Alongside new iPhones and Apple Watches, Apple is releasing a new version of its AirPods Pro this month.
The 2nd Generation AirPods Pro with USB-C — a mouthful of a model name — don’t have any radical hardware changes. Apple replaced the proprietary Lightning port with a USB-C charger to match the rest of its lineup.
But a slew of software features launching alongside the new AirPods significantly change how noise-canceling on the wireless buds works in practice, and will make it much easier for AirPods Pro users to leave their earbuds in all day while navigating cities or talking to co-workers.
Apple has given the new features various names — Adaptive Audio, Conversation Awareness, Personalized Volume — but taken together, and using the default settings on a review unit of the new $249 AirPods, the upshot is that the device uses machine learning and artificial intelligence to turn down music when in a conversation or allow necessary nearby sounds into the headphones.
Instead of taking out your AirPods or turning off noise-canceling entirely when you’re navigating a treacherous street or having a conversation with a co-worker, users can now leave in their AirPods and rely on Apple’s software to intelligently decide what the user needs to hear.
Overall, the improvements are subtle but nice. They’re not a reason to upgrade AirPods if you have an older pair that’s working perfectly, but they are worth reaching for if you are getting new wireless headphones and know you don’t like to be constantly taking them in and out.
However, from a technological perspective, the new AirPods are exciting. Apple is using cutting-edge technology and its own customized chips to filter the world of sound through Apple’s hardware, and to augment or mute individual sounds to make your daily experience better, all powered by AI. Apple’s headphones are going far beyond the simple on-or-off noise-canceling features on competing devices.
The concept is not that far away from the “spatial computing” Apple introduced with the Vision Pro VR headset, which uses machine learning to integrate the real and computer worlds. Apple calls the AirPods a “wearable,” and reports it in the same revenue category as its Apple Watch. With its new adaptive features, the AirPods are more wearable than ever, and continue to be one of the company’s most intriguing product lines in terms of a look at the future of computing, even if they don’t get the same attention as the iPhone.
How it worked
While the adaptive technology isn’t quite seamless yet, it is a nice improvement over the blunter, muffling noise-cancellation setting that used to be the default on AirPods Pro.
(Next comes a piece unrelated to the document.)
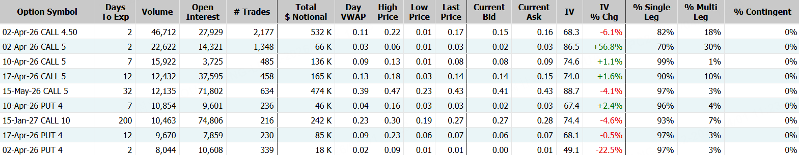 期权方面,Snap当日成交29.57万张,较90日均量放大近3倍,看涨期权占比80.9%,其中于4月2日到期的4.5美元行使价的看涨期权成交居前,成交超4.6万张。

And it’s not only limited to the latest hardware — anyone with “second generation” AirPods Pro introduced last September can download software updates for their headphones and iPhone to enable them.
The new Adaptive mode ultimately blends chaotic street noise with the artificial quiet of active noise cancellation. Apple frames Adaptive Audio as a safety feature, so users don’t miss honks or disturbances when walking around cities. It’s subtle. You definitely feel like you’re still in a cocoon of quiet, but you don’t feel as if the whole world is muffled around you.
There’s a little chime when users turn it on, either through the Settings app when the earbuds are connected or through a shortcut by long-pressing the iPhone’s volume button in the Control Center.
Screenshot/CNBC
In practice, Adaptive Audio wasn’t perfect, but it’s an improvement over active noise canceling, which can be very isolating, and Apple’s transparency mode, which often amplifies extraneous noise (like the AirPods case clicking against car keys in my pocket). If I were to walk around cities, which I try to avoid for safety reasons, I would use Apple’s Adaptive mode.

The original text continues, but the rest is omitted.